Please pay attention to the style and punctuation of the presented text
Author Response
Reply to reviewers
Thank you very much for taking the time to review this manuscript. Please find the detailed responses below and the corresponding revision changes in the re-submitted files.
Reviewer 3:
The article concerns the modern approach to the digital support of the education process of novice surgeons in the field of kidney cancer treatment. Problems related to improving the skills of surgeons are a big problem around the world. The number of experts in a given field is limited, and the number of applicants for the profession is constantly increasing. In this aspect, the availability of high-class specialists is problematic. Beginner surgeons are exposed to the lack of high-quality training courses. In this aspect, the concept of digital support for the teaching process in the form of the use of artificial intelligence appears to be an important tool. The presented systematic literature review is a very good step towards the creation and improvement of AI methods to support the preparation of young doctors, not only surgeons. This approach can also be successfully recommended in other areas of vocational education.

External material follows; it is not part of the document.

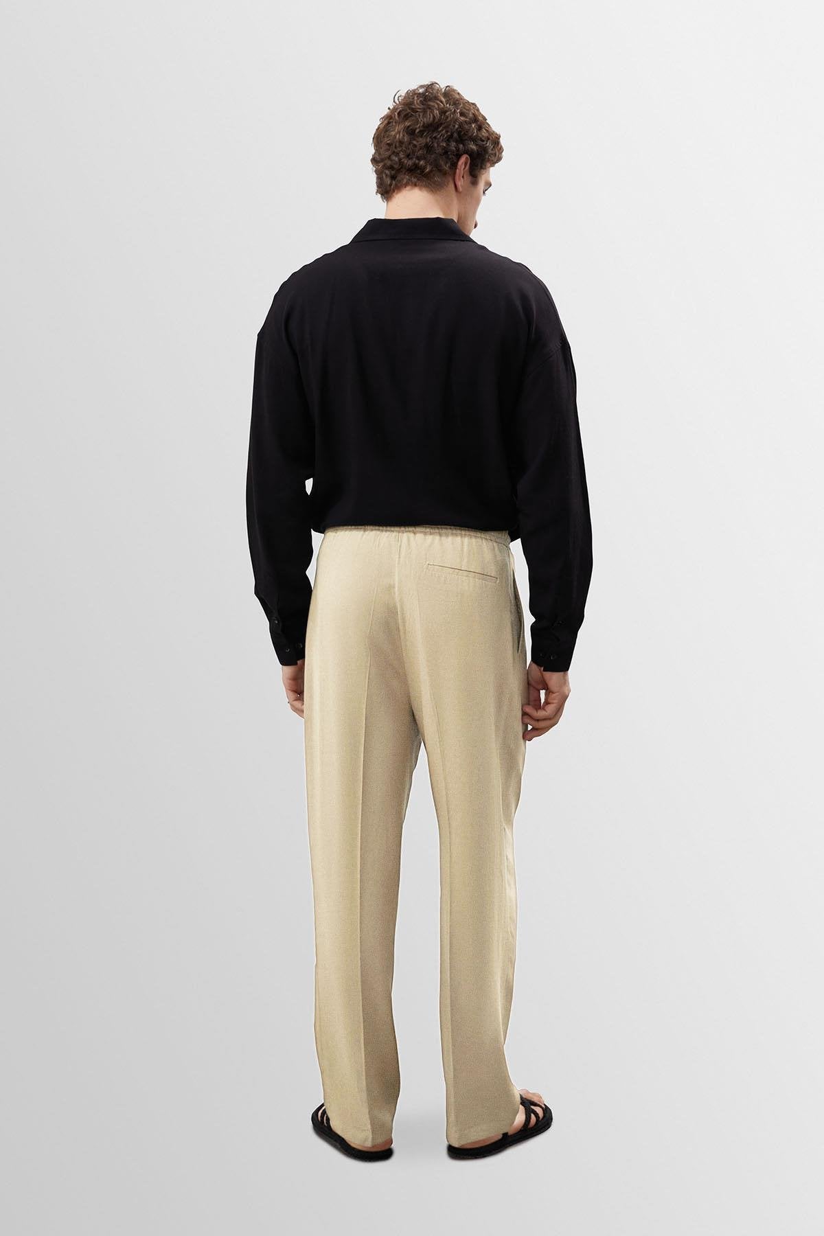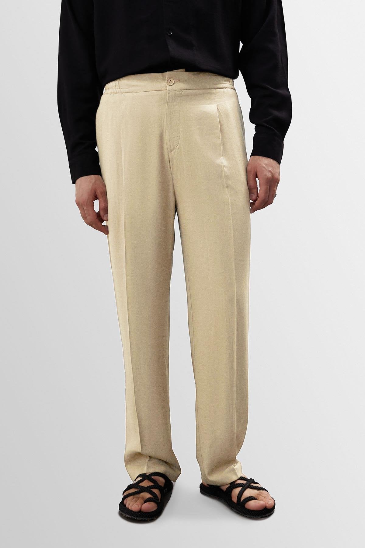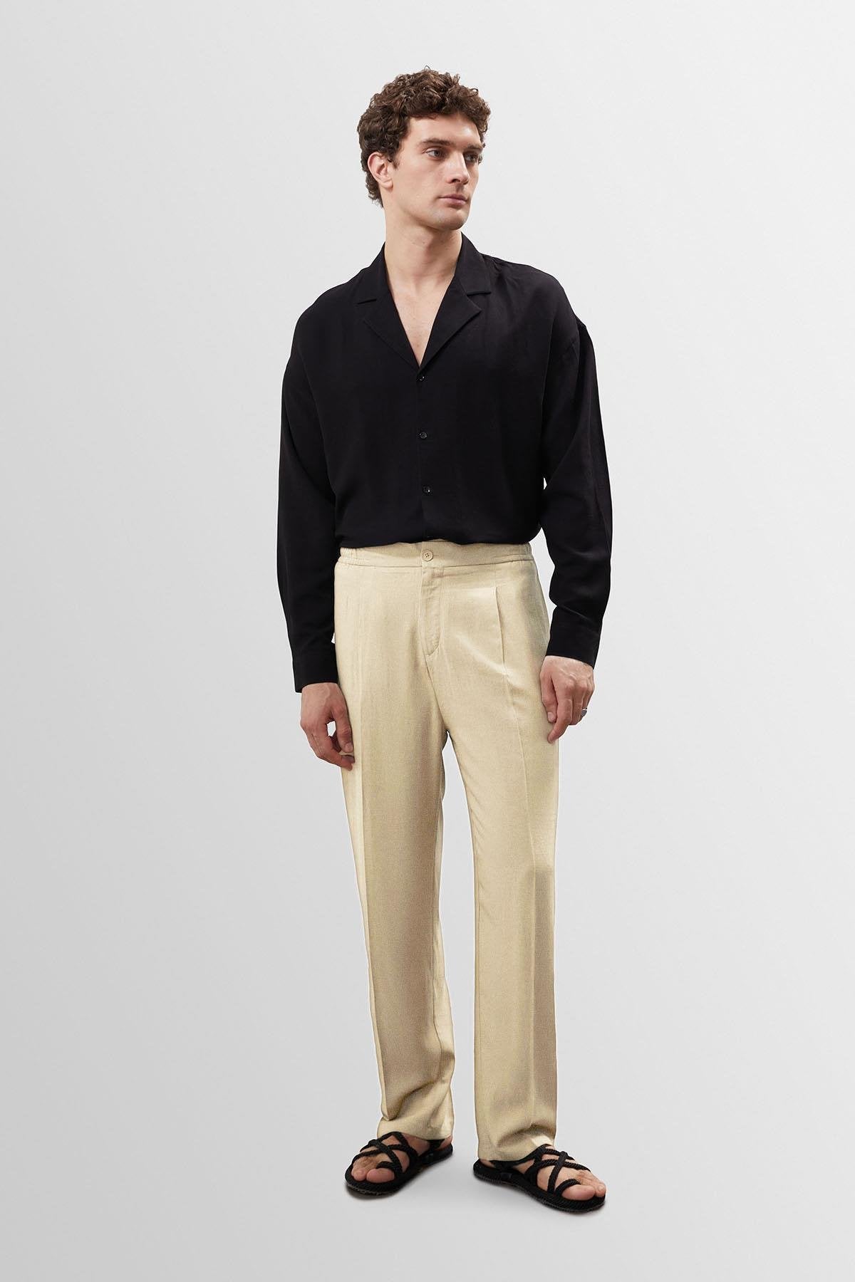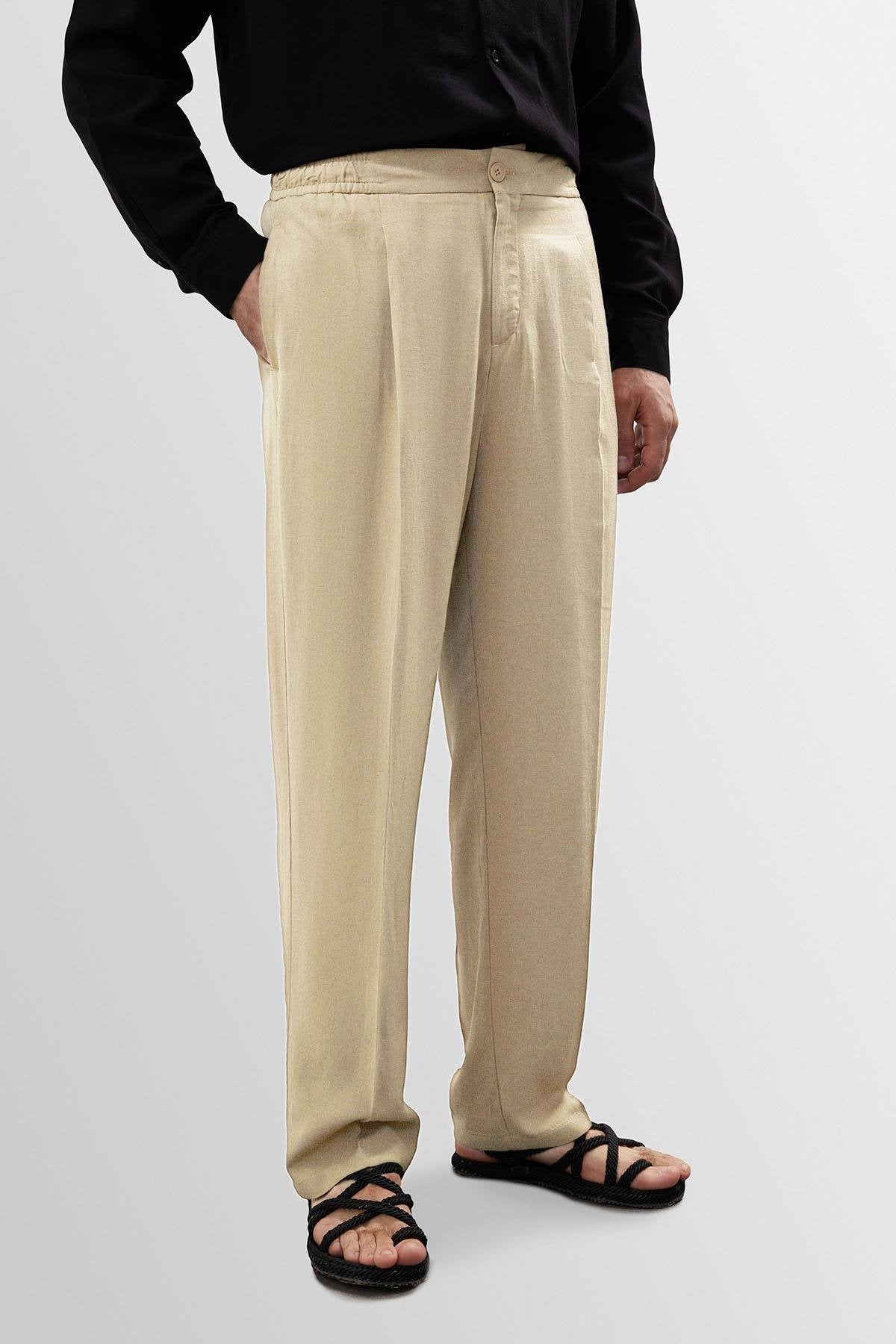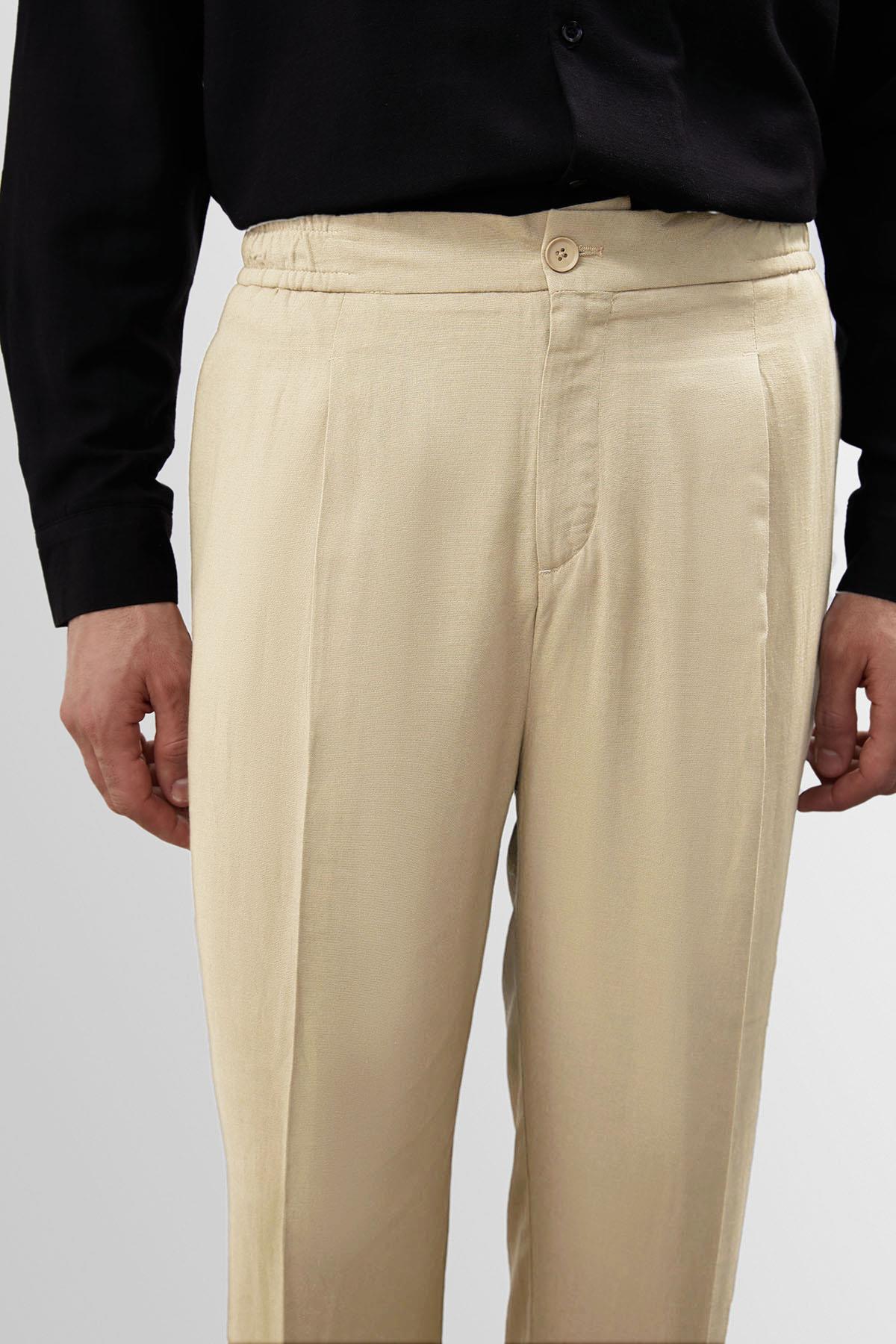 Taş Yüksek Bel Pileli Keten Karışımlı Erkek Pantolon

The concept of the work is very good, but the form of presenting the results of the literature review requires significant improvement (Table 1). It is very difficult to read and analyze the presented data. Tabular presentation of the essence of the Authors' work significantly reduces the quality of the presented review. I suggest changing the form of presentation of the obtained research results.
Thanks for your nice comment. We understand your concern, we simplified the table to make it easier for the reader.
As regards language
The article was revised as regards the language.
Round 2
Reviewer 2 Report
The authors addressed the comments effectively.